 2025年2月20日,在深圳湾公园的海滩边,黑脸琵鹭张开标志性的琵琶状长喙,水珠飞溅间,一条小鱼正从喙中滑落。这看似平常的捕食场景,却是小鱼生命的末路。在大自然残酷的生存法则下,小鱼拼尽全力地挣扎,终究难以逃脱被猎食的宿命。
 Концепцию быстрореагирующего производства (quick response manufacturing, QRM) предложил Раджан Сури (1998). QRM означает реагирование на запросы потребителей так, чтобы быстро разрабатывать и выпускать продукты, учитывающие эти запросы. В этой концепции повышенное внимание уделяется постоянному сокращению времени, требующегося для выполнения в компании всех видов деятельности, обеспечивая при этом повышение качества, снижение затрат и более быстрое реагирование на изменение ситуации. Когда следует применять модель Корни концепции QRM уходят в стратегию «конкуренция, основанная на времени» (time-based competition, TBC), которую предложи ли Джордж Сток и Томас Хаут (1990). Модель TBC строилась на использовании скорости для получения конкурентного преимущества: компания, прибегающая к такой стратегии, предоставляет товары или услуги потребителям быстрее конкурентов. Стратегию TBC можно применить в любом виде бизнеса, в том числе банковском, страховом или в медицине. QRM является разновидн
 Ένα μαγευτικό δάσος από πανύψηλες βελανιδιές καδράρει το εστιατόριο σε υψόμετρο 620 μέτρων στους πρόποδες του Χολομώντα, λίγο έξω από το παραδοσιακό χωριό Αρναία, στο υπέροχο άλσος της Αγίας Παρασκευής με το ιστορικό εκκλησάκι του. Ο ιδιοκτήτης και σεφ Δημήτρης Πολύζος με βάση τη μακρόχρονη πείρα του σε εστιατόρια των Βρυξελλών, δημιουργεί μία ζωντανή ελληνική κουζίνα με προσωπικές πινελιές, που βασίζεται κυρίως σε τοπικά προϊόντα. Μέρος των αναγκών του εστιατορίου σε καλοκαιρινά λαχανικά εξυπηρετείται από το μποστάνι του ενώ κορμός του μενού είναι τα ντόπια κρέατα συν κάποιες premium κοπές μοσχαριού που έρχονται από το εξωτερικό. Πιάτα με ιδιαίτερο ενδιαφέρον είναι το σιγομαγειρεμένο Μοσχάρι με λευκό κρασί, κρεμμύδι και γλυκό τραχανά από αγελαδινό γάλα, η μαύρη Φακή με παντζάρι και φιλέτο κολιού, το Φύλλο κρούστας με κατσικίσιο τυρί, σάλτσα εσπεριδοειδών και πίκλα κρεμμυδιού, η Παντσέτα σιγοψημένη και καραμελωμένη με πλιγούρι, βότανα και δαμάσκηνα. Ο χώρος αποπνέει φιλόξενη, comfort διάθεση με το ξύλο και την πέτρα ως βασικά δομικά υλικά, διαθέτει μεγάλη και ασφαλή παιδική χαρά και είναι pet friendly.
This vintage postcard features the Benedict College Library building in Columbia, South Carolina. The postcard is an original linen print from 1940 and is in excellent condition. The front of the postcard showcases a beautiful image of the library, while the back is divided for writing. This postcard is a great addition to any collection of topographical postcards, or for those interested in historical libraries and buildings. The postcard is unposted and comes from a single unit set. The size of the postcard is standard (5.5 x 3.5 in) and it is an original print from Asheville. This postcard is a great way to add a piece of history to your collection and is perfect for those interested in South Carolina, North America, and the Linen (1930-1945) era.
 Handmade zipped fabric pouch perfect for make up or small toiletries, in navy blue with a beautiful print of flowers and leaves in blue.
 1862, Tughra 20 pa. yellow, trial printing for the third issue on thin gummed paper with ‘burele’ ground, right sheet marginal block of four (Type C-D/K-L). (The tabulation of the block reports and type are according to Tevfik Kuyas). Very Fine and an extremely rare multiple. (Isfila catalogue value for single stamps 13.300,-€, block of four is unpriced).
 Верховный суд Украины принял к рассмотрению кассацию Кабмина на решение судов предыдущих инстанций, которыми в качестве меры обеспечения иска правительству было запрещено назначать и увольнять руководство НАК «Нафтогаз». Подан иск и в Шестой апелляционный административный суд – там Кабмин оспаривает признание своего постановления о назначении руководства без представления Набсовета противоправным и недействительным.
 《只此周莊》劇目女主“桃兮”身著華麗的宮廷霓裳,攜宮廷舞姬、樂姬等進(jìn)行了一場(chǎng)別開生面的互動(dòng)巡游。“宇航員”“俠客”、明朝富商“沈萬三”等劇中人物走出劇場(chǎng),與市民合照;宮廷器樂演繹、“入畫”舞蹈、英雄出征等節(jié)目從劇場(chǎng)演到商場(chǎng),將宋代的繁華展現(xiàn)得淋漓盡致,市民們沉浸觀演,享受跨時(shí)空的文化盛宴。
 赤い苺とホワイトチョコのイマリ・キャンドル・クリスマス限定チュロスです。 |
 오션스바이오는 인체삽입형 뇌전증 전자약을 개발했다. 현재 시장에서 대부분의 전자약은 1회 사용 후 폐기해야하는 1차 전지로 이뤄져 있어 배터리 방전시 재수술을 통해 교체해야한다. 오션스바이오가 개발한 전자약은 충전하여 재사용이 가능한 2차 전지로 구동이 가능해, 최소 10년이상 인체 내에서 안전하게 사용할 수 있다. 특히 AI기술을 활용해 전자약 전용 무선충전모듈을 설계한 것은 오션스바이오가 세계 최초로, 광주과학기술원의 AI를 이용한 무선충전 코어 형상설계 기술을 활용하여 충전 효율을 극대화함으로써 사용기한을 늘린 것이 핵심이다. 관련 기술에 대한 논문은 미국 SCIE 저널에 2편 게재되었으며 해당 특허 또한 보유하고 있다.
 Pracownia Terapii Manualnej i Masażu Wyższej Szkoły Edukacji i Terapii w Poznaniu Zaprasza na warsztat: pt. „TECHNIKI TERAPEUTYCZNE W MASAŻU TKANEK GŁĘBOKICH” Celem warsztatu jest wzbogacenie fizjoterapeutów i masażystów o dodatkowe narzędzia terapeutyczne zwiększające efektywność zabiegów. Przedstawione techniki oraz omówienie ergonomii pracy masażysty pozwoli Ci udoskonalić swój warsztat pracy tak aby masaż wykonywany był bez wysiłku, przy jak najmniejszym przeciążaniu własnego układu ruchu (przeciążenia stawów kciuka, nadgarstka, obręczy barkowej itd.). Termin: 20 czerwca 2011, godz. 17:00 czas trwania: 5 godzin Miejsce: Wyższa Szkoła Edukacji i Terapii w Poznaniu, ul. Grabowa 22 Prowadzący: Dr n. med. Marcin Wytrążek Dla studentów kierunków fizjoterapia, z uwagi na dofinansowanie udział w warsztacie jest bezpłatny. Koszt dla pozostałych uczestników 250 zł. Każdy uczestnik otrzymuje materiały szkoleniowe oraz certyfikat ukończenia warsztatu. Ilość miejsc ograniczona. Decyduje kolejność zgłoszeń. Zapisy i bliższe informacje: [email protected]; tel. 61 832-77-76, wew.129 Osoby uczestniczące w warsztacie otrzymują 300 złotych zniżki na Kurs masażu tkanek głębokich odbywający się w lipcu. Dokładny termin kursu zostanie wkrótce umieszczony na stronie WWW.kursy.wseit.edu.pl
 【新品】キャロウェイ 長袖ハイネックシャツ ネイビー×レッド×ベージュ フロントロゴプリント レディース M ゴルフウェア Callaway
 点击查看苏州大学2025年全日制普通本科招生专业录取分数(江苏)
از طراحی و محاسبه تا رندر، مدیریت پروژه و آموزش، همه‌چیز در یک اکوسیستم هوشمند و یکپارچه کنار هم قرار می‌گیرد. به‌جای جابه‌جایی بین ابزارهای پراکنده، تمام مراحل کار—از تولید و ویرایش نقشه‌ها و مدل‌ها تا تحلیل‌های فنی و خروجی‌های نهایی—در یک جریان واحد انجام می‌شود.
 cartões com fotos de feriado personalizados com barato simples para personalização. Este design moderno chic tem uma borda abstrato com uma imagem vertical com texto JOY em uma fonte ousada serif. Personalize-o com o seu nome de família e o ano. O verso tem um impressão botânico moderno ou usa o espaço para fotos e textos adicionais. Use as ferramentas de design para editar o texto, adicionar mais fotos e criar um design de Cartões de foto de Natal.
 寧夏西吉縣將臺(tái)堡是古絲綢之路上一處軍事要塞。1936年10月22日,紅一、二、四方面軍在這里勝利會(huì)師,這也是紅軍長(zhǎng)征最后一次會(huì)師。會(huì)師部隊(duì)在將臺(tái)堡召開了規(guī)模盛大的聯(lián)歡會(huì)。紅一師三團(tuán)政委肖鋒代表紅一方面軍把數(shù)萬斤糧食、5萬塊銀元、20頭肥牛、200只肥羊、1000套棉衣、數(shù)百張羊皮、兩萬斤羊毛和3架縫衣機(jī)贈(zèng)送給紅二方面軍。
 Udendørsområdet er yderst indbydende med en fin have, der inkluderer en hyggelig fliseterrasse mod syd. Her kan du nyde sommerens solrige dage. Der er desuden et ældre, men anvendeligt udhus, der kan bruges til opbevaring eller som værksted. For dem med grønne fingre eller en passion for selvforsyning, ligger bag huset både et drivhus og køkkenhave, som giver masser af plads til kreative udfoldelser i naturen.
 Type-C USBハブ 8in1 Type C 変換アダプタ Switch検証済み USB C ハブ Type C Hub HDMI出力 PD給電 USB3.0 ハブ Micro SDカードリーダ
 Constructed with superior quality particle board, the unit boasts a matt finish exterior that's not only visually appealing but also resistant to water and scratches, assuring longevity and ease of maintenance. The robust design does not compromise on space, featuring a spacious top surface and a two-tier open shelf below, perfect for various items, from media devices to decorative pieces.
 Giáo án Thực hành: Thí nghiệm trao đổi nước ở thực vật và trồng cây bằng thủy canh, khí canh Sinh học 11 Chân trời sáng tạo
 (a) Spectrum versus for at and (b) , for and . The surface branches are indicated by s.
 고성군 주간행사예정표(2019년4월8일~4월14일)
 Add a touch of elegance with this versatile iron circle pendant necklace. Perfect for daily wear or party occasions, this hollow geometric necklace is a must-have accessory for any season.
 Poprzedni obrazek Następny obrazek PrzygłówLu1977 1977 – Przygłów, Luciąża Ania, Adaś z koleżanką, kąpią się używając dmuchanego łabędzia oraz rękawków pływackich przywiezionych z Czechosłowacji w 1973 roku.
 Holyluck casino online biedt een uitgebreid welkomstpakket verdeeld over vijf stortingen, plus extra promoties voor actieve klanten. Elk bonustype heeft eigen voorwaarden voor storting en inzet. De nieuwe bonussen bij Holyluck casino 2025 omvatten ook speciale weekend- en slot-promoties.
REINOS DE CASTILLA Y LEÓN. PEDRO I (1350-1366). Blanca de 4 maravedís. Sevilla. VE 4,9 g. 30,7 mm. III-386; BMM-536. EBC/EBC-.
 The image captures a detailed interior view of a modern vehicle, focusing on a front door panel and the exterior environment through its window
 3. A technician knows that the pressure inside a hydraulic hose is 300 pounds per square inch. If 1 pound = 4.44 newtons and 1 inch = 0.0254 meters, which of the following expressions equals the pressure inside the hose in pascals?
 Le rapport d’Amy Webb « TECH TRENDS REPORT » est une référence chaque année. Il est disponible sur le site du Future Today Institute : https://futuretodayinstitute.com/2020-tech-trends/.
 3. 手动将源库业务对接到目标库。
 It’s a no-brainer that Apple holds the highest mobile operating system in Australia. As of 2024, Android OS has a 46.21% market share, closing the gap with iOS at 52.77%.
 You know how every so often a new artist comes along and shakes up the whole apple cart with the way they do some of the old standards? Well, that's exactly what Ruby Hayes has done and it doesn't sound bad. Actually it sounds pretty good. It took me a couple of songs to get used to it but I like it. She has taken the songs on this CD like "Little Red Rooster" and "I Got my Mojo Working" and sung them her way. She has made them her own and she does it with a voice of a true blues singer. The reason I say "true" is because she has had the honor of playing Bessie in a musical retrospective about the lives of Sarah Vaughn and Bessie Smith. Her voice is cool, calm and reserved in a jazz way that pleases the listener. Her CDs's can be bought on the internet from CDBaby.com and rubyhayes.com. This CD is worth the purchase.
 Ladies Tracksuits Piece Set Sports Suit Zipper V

WORK REQUIRED:
Only the lines above starting at the line that holds "cartões com fotos" and ending at the line that holds "Poprzedni obrazek Następny" are to be repeated, exactly and in full.

SOLVED PROBLEM:
 cartões com fotos de feriado personalizados com barato simples para personalização. Este design moderno chic tem uma borda abstrato com uma imagem vertical com texto JOY em uma fonte ousada serif. Personalize-o com o seu nome de família e o ano. O verso tem um impressão botânico moderno ou usa o espaço para fotos e textos adicionais. Use as ferramentas de design para editar o texto, adicionar mais fotos e criar um design de Cartões de foto de Natal.
 寧夏西吉縣將臺(tái)堡是古絲綢之路上一處軍事要塞。1936年10月22日,紅一、二、四方面軍在這里勝利會(huì)師,這也是紅軍長(zhǎng)征最后一次會(huì)師。會(huì)師部隊(duì)在將臺(tái)堡召開了規(guī)模盛大的聯(lián)歡會(huì)。紅一師三團(tuán)政委肖鋒代表紅一方面軍把數(shù)萬斤糧食、5萬塊銀元、20頭肥牛、200只肥羊、1000套棉衣、數(shù)百張羊皮、兩萬斤羊毛和3架縫衣機(jī)贈(zèng)送給紅二方面軍。
 Udendørsområdet er yderst indbydende med en fin have, der inkluderer en hyggelig fliseterrasse mod syd. Her kan du nyde sommerens solrige dage. Der er desuden et ældre, men anvendeligt udhus, der kan bruges til opbevaring eller som værksted. For dem med grønne fingre eller en passion for selvforsyning, ligger bag huset både et drivhus og køkkenhave, som giver masser af plads til kreative udfoldelser i naturen.
 Type-C USBハブ 8in1 Type C 変換アダプタ Switch検証済み USB C ハブ Type C Hub HDMI出力 PD給電 USB3.0 ハブ Micro SDカードリーダ
 Constructed with superior quality particle board, the unit boasts a matt finish exterior that's not only visually appealing but also resistant to water and scratches, assuring longevity and ease of maintenance. The robust design does not compromise on space, featuring a spacious top surface and a two-tier open shelf below, perfect for various items, from media devices to decorative pieces.
 Giáo án Thực hành: Thí nghiệm trao đổi nước ở thực vật và trồng cây bằng thủy canh, khí canh Sinh học 11 Chân trời sáng tạo
 (a) Spectrum versus for at and (b) , for and . The surface branches are indicated by s.
 고성군 주간행사예정표(2019년4월8일~4월14일)
 Add a touch of elegance with this versatile iron circle pendant necklace. Perfect for daily wear or party occasions, this hollow geometric necklace is a must-have accessory for any season.
 Poprzedni obrazek Następny obrazek PrzygłówLu1977 1977 – Przygłów, Luciąża Ania, Adaś z koleżanką, kąpią się używając dmuchanego łabędzia oraz rękawków pływackich przywiezionych z Czechosłowacji w 1973 roku.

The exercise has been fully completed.